Firstly, the swastika ideographs are given a Unicode script property of "Han", which indicates that they are only intended for use in a Han ideographic context. However, other scripts have a legitimate claim to the use of the swastika, and the Unicode Standard explictly states that the Tibetan script uses U+534D and U+5350 (TUS 4.0 p.257). This suggests to me that, out of the 70,000+ CJK ideographs currently encoded, U+534D and U+5350 alone should perhaps be given a script property of "Common". Michael Kaplan has suggested that it is a deficiency in the Unicode script property that characters must either belong to a single script only or else belong to all scripts, and thus it is not possible to specify that a character belongs to a particular subset of scripts, such as "Han and Tibetan" in the case of U+534D and U+5350. I guess that for many characters it is difficult to define the boundaries of script usage, and it is a lot simpler to just use "common" rather than a potentially controversial or changing list of scripts.

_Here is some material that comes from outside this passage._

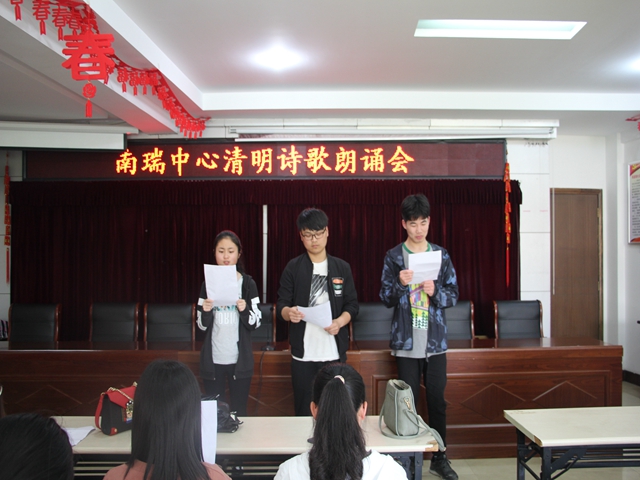 下午一点半,志愿者们由院团委组织集体出发前往南瑞社区进行志愿服务,晴空万里,同学们也都热情高涨。在社区工作人员的安排下,志愿者们首先来到了荷夏园社区党群服务中心的二楼会议室举行清明诗歌朗诵会。“牵着清明的手我们情系五洲,中华民族伟大复兴的号召激励着炎黄的骨肉”,声情并茂的朗诵感染了在场每一个人,而正如诗歌中所述,先祖先烈的遗愿向我们传达着辛劳勤勉的生活理念,真正的富有依靠丰收实现,最美的享受则需要不止的奋斗,激励同学们以积极向上的昂扬姿态面对生活与人生;朗诵会后,志愿者们紧接着前往瑞华苑党群服务中心,通过认真观看两会教育视频,感悟两会精神并丰富自身社会主义核心价值理念;随后,志愿者们深入社区,清理地面垃圾、清洗社区宣传栏、分发宣传单,呼吁人们清明时分文明祭祀......同学们各司其职,其乐融融为社区贡献着自己的志愿力量,在奉献着感受着志愿服务的快乐,真正践行“为人民服务”的雷锋理念。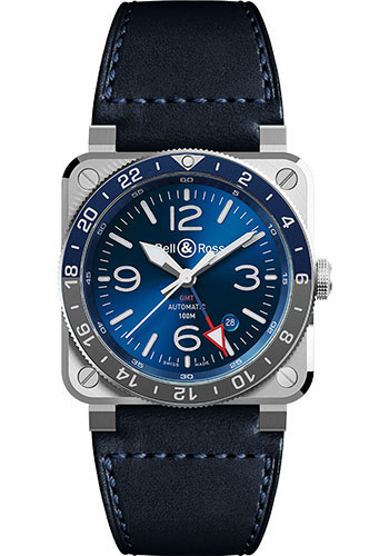 42 mm satin-finished and polished steel case, bi-directional rotating bezel with 24-hour scale and blue and grey two-colour anodized aluminum ring, sapphire crystal with anti-reflective coating, blue sunray dial with indices coated in super-luminova, calibre BR-CAL.303 automatic movement with hours, minutes, central seconds, second 24-hour time zone and date, quick setting of the gmt hand, independently of the hour hand, blue calfskin leather and ultra-resilient black synthetic fabric strap, pin buckle. Water resistant to 100 metres.

Secondly, the glyphs for the ideographic swastikas are often drawn in an ideographic style which may not be suitable for non-Han usage.

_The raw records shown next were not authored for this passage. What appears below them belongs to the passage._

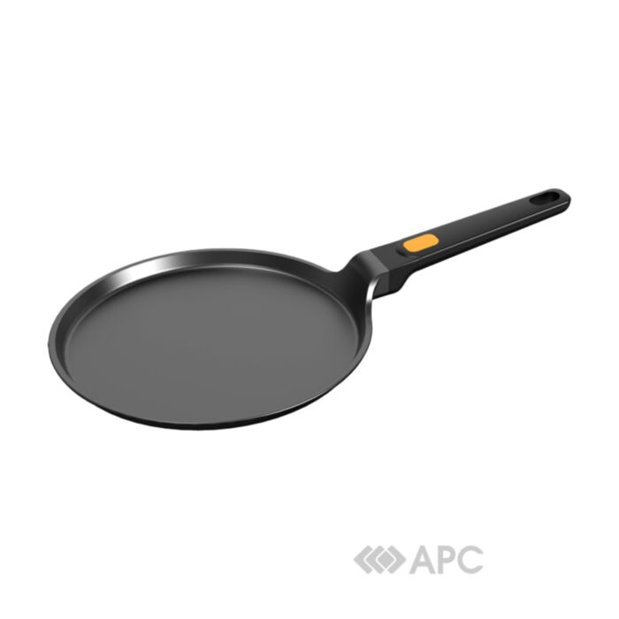 Корпус сковорідки виготовлений з високоякісного литого алюмінію, що забезпечує відмінну теплопровідність та міцність, сприяючи рівномірному прогріванню та довговічності виробу. Внутрішнє преміальне мармурове антипригарне покриття COOKMARK від PFULON гарантує запобігання прилипанню млинців під час смаження та легкість у догляді. Важливо відзначити, що воно не містить шкідливих речовин, таких як PFOA, свинець та кадмій.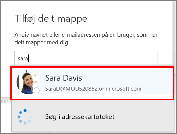 I nedenstående vindue skriver du navn eller e-mailadresse på den postkasse, du vil tilføje. Klik på det navn, der kommer frem: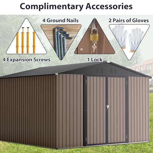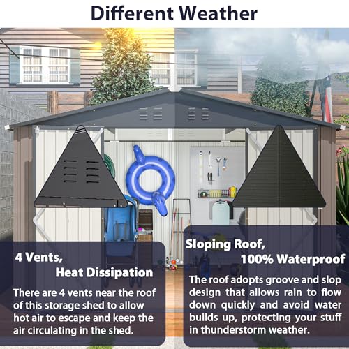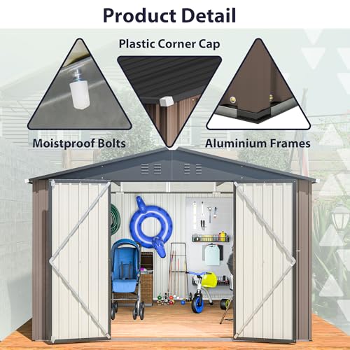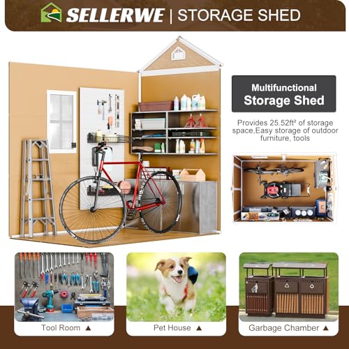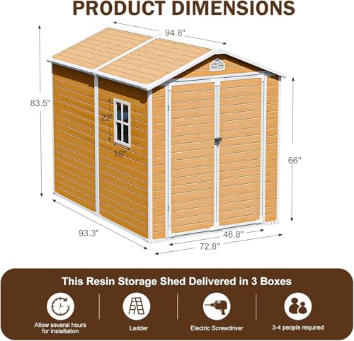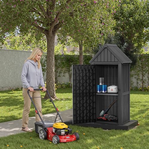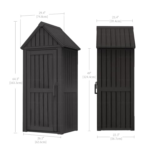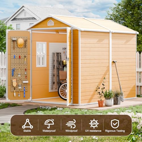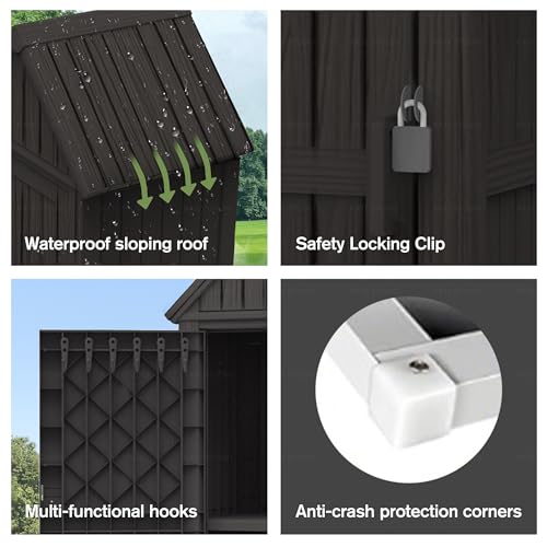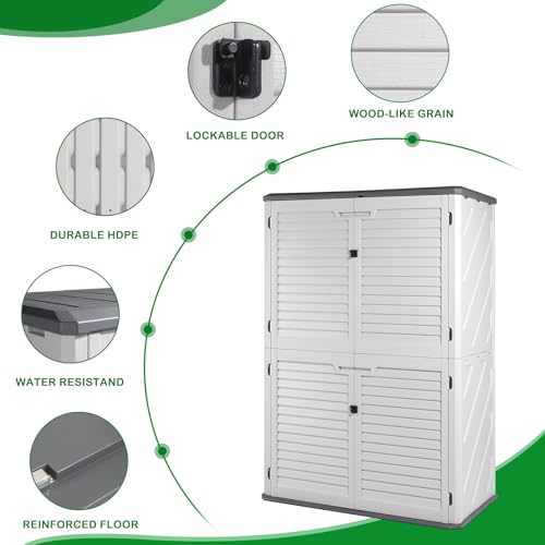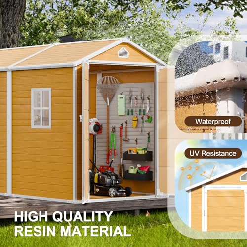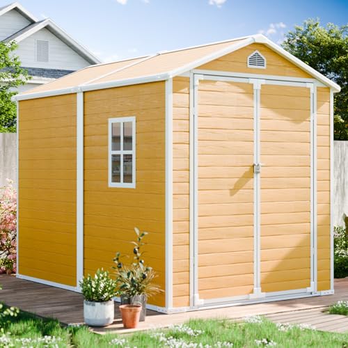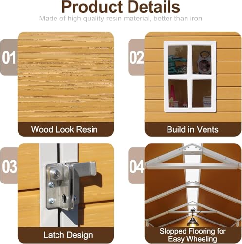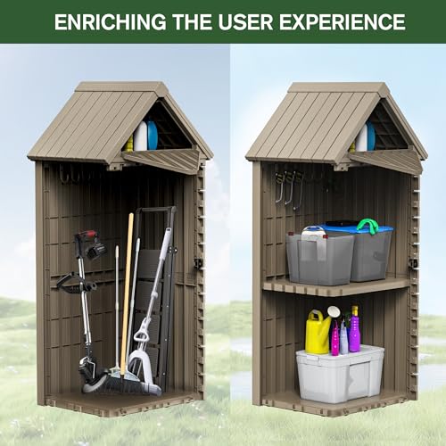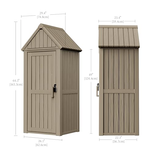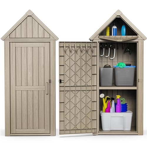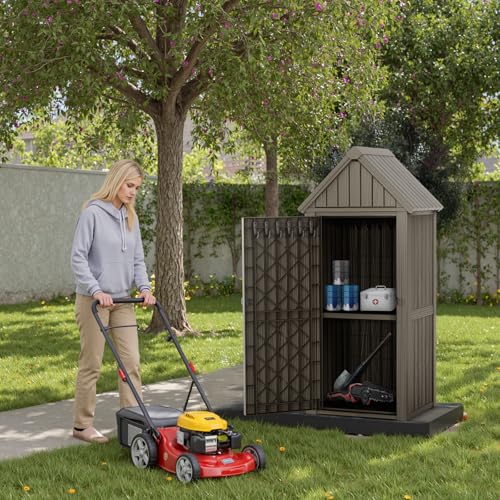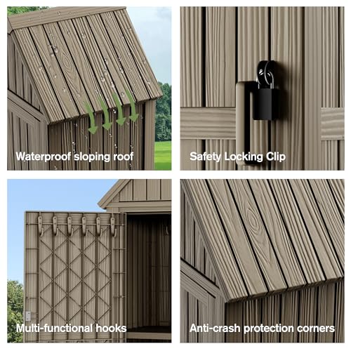 Outdoor Storage Shed with Lock, Waterproof Resin Garden Tool Shed, Heavy-Duty Weather-Resistant Cabinet for Patio, Backyard, or Garage(New Light Brown)

Thirdly, because U+534D and U+5350 are hidden amongst the thousands of anonymous CJK ideographs, it is not easy for users to find them if they do not already know where to look. For example, searching for "swastika" in either Windows Character Map or BabelMap will not produce any results (though this will change in the next version of BabelMap), which would probably lead most people to suppose that there are no swastika symbols encoded in Unicode ... and perhaps they would be half right.

[This blog follows on from Michael Kaplan's recent post Every character has a story #17: U+534d and U+5350]


Looking through some old files I have just rediscovered some images of bon head marks, which are formed from the left-facing swastika. [2007-05-27 : these headmarks are actually used in the sMar-chen script, as discussed in my Zhang Zhung Scripts post.]

These marks are the equivalent of the head mark character U+0F04 TIBETAN MARK INITIAL YIG MGO MDUN MA, or perhaps more accurately the recently proposed archaic-style head mark character, pencilled in as U+0FD3 TIBETAN MARK INITIAL BRDA RNYING YIG MGO MDUN MA, with the curl styled into a swastika, and are used in bon religious texts. (I think that Tibetan head marks should perhaps be the topic for my next Tibetan Extensions blog.)